Прокурор тотчас же достал из своей сумки порошок. Глафира Семеновна выпила порошок с белым вином. Порошок этот хорошо на нее подействовал и отчасти подкупил ее. Она достала пару апельсинов, нож и принялась их резать, опуская ломти в металлический чайник.

– Ай да жена у меня! Что за милая у меня жена! – расхваливал ее Николай Иванович. – Как приедем в Константинополь, сейчас же куплю ей вышитые золотом турецкие туфли и турецкую шаль!

– Как это глупо! – пробормотала Глафира Семеновна.

Проехали давно уже небольшую станцию Сарем-бей и приближались к Татар-Басаржику. Леса стали редеть и исчезли. Открылась равнина в горах, и вдали на холме виднелся белый город с высокими каменными минаретами, упирающимися в небо. Извиваясь синей лентой, протекала у подножия холма река Марица. Поезд стал загибать к городу.

– Здесь начинается область виноделия-то? – спросил прокурора Николай Иванович, когда поезд остановился на станции Татар-Басаржик.

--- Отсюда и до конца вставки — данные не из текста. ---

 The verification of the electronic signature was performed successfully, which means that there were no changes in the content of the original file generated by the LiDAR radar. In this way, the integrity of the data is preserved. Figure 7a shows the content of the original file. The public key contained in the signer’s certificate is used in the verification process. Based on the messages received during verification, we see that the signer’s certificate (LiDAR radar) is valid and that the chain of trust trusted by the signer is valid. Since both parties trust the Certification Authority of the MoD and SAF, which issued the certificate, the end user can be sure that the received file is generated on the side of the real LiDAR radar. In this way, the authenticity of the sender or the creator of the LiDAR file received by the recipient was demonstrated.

– Нет, здесь все еще область лесной торговли. Тут находится громадная контора французского общества разработки лесных и горных продуктов; за Басаржиком, когда мы начнем огибать вон ту гору, увидим опять леса, спускающиеся с гор, а за лесами вы увидите виноградники. Я скажу, когда область виноделия начнется.

– Ну так я там и открою бутылку. А теперь только смолку собью.

И Николай Иванович принялся отбивать на бумагу смолку от шампанской бутылки.

Поезд приехал на станцию Татар-Басаржик, постоял там минут пять и помчался дальше. Действительно, на горах опять засинели хвойные леса. Пересекли горную речку, которую прокурор назвал Кришмой, пересекли вторую – Деймейдеру-реку.

– Сплавные реки и обе в Марицу вливаются, – пояснил прокурор. – По ним сплавляют лес.

Поезд мчался у подножия гор. На нижних склонах лес начал редеть, и действительно начались виноградники.

– Вот она область виноделия! Началась, – сказал прокурор.

– Приветствуем ее! – отвечал Николай Иванович, сидевший с бутылкой шампанского в руках, у которой были уже отломаны проволочные закрепы и пробка держалась только на веревках.

Он подрезал веревки – и пробка хлопнула, ударившись в потолок вагона. Шипучее искрометное вино полилось из бутылки в чайник. Затем туда же прокурор влил из бутылки остатки болгарского белого вина.

– Коньячку бы сюда рюмки две, – проговорил как-то особенно, взасос, Николай Иванович, но жена бросила на него такой грозный взгляд, что он тотчас же счел за нужное ее успокоить: – Да ведь у нас нет с собой коньяку, нет, нет, а я только говорю, что хорошо бы для аромата. Ну, Степан Мефодьич, нальем себе по стакану, чокнемся, выпьем и распростимся. Дай вам Бог всего хорошего. Будете в Петербурге – милости просим к нам. Сейчас я вам дам мою карточку с адресом.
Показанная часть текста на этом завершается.